Order Your Paypal Security Key Now

PayPal security keys are now available for purchase, offering consumers the option vastly enhanced protection against account breaches.

The ID token generates a new, security code every 30 seconds. When you login to complete a PayPal transaction, you must enter the six-digit code. Your token is unique to your account.

The security keys are now available for $5 purchase at PayPal.

Even if you’re a dumbass and get successfully phished and enter your email, password, and token id, that information will only be good for 30 seconds. The worst part of many account breaches isn’t the first attack, it’s the 100 other guys the info gets sold to. — BEN POPKEN

PayPal Security Key [Official Site]


Edit Your Comment

  1. phloighd says:

    Guys, why are you shilling for paypal, one of the most anti-consumer orgs the net has ever seen? If I buy this thing, is that going to stop paypal from forcing me to waive my legal rights to consumer protection? Seriously, guys, wtf?

  2. abelincolnjr says:

    I just got one, thanks for the tip!

  3. Starfury says:


    Admittedly PayPal does suck to some degree; but it is accepted for most Ebay transactions and many online stores will also take it. By adding the token it gives an extra layer of security to the end user. I haven’t had a problem with them (yet) and will continue using them for my Ebay purchases. I don’t know if I’ll shell out $5 for the secureID token though.

  4. phrygian says:

    Perhaps I’m just ignorant, but shouldn’t this extra protection be offered for free for any Paypal account? I could see charging a fee for postage, but I highly doubt mailing a keychain costs more than $3.

    That said, I will probably buy one… if only because I foresee a time when they won’t give a crap that your account was compromised unless you have the security keychain.

  5. missdona says:

    They should protect my account for free. I pay enough in my paypal vendor fees that they can totally supplement or alleviate this moneymaking strategy.


  6. TheDeadEye says:

    “Since you’ll need to use your Security Key every time you log in to your PayPal and eBay accounts, we’ve made it small and portable.”

    Oh, screw that. I’m not going to go on a “find the dongle” hunt every time I want to check something on eBay.

  7. pete7919 says:

    Missdona –

    Maybe you fall under the asterisk? It’s says the fee is waived for Business accounts.

    I’m happy to be an asterisk. I think.

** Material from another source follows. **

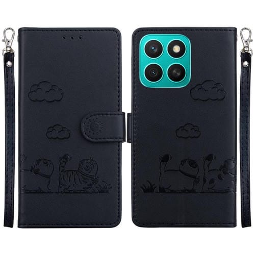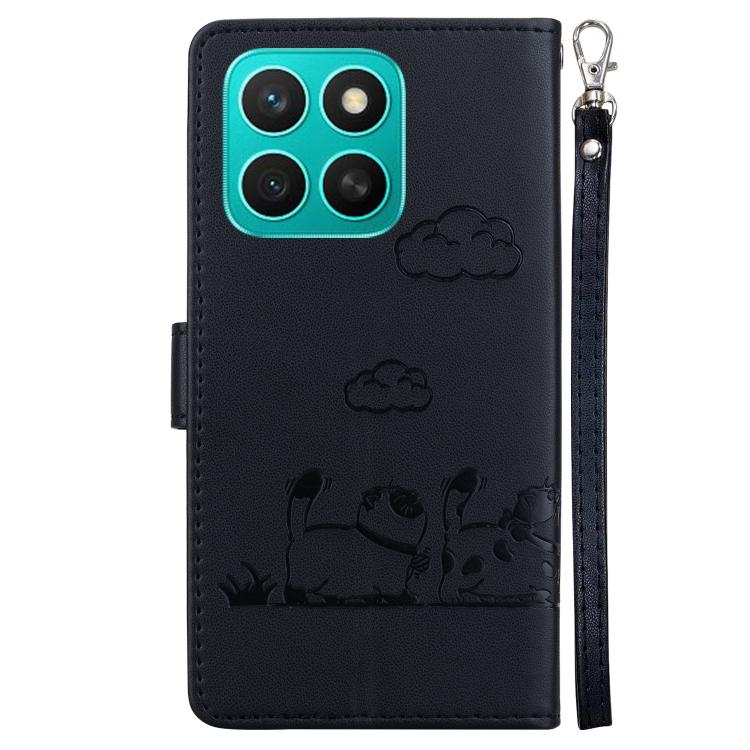 Funda de Cuero Rfid para Honor X8C 4G con Diseño de Gatos (Negra)

  8. LatherRinseRepeat says:

    This thing will probably be mistaken for a bomb. Someone please send a memo to the city of Boston.

    But seriously, $5 isn’t too bad. These things are usually $50 – $100 for the keyfobs. And the software itself runs in to the thousands of dollars.

    Is it really necessary? Probably not. If you’re savvy about phishing scams, update your passwords frequently, use complex passwords.. you should be fine.

  9. HaxRomana says:

    I’m thinking about all the people I know – relatives, coworkers, etc. that take at least 30 seconds to type their NAME, let alone a random six digit number.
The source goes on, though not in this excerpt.